The time span you gave - started at around 2 and by 11 was pink, had me rule out most physical ailments and medical conditions as the color change would probably be faster.
You also indicated a constant change to pink which ruled out trauma.
Vtiligo is possible and "white patches" on a white dog might go unnoticed but I still think you would see something more than just the color change of the nose.
That left me with horrid visuals of you putting that white zinc oxide stuff on the dogs nose in summer. It MIGHT work but I have a feeling the dogs tongue can lick it off.
Tattoo the nose black? Ewwwwwwwwwwwww!
This pretty much left it down to "and other times, a dog nose turning pink is a completely natural part of aging." (ie: Genetic)

And, if it is "genetic" and a natural part of aging, there isn't much you can do about it. 

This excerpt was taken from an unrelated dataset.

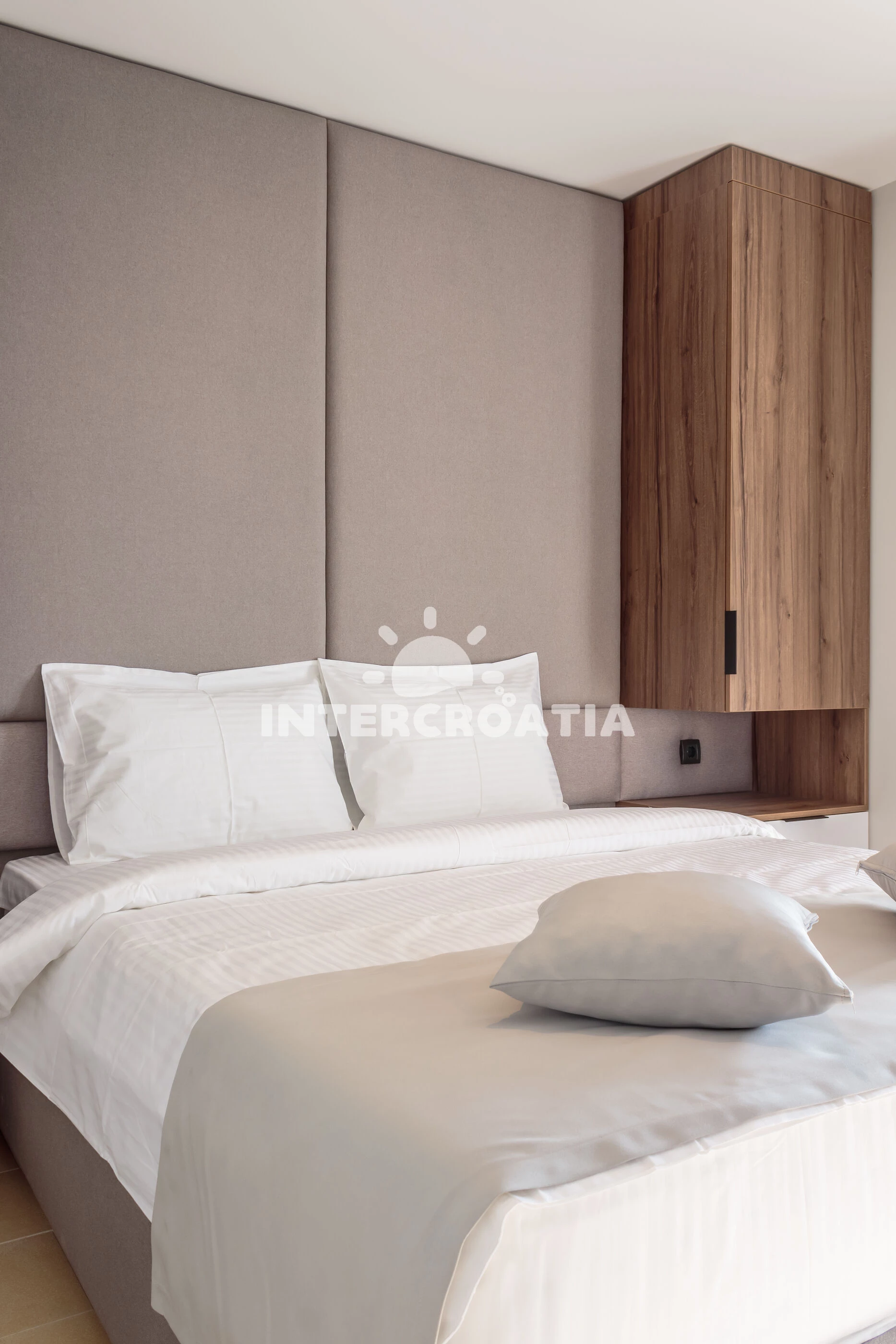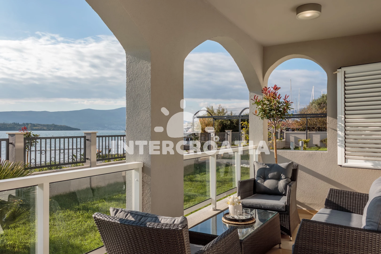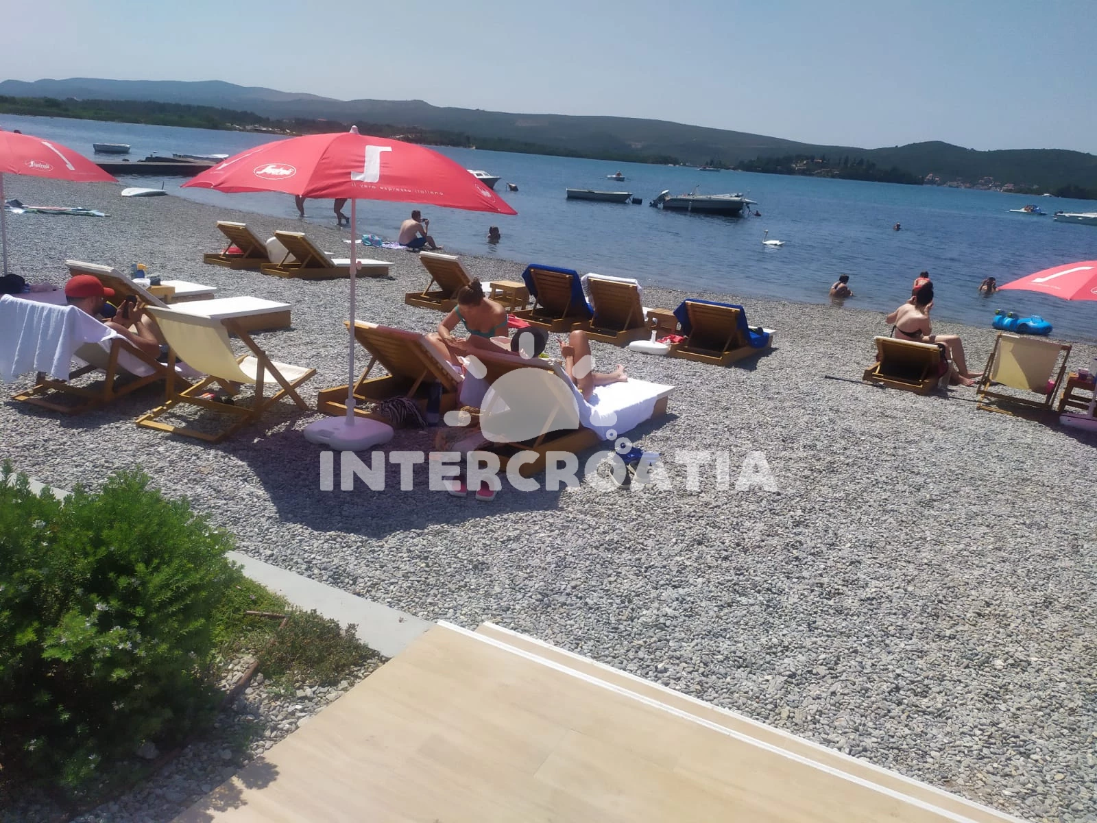 Apartmán se nachází 5 m od moře a pláže. Pláž je oblázková. Apartmán disponuje bazénem s lehátky pro ubytované hosty. K dispozici sauna. U objektu je k dispozici společná zahrada s posezením a grilem. Parkování je před domem.

Sorry it wasn't more helpful.


----------



## outwest

My feeling is:
It is entirely genetic and there is nothing to do about it. I thought it was an odd thing for someone to tell a person with a light colored dog and a black nose. "You know, your dog might lose that black nose, you should try omega 3s, vitamin e and water without chlorine." 

I wouldn't think we would have this snow nose here since it is sunny year around with rarely an overcast day. If she loses the color, so what? Lots of light spoos lose their nose color. I wanted to see what you guys thought. Personally, I think it is genetic.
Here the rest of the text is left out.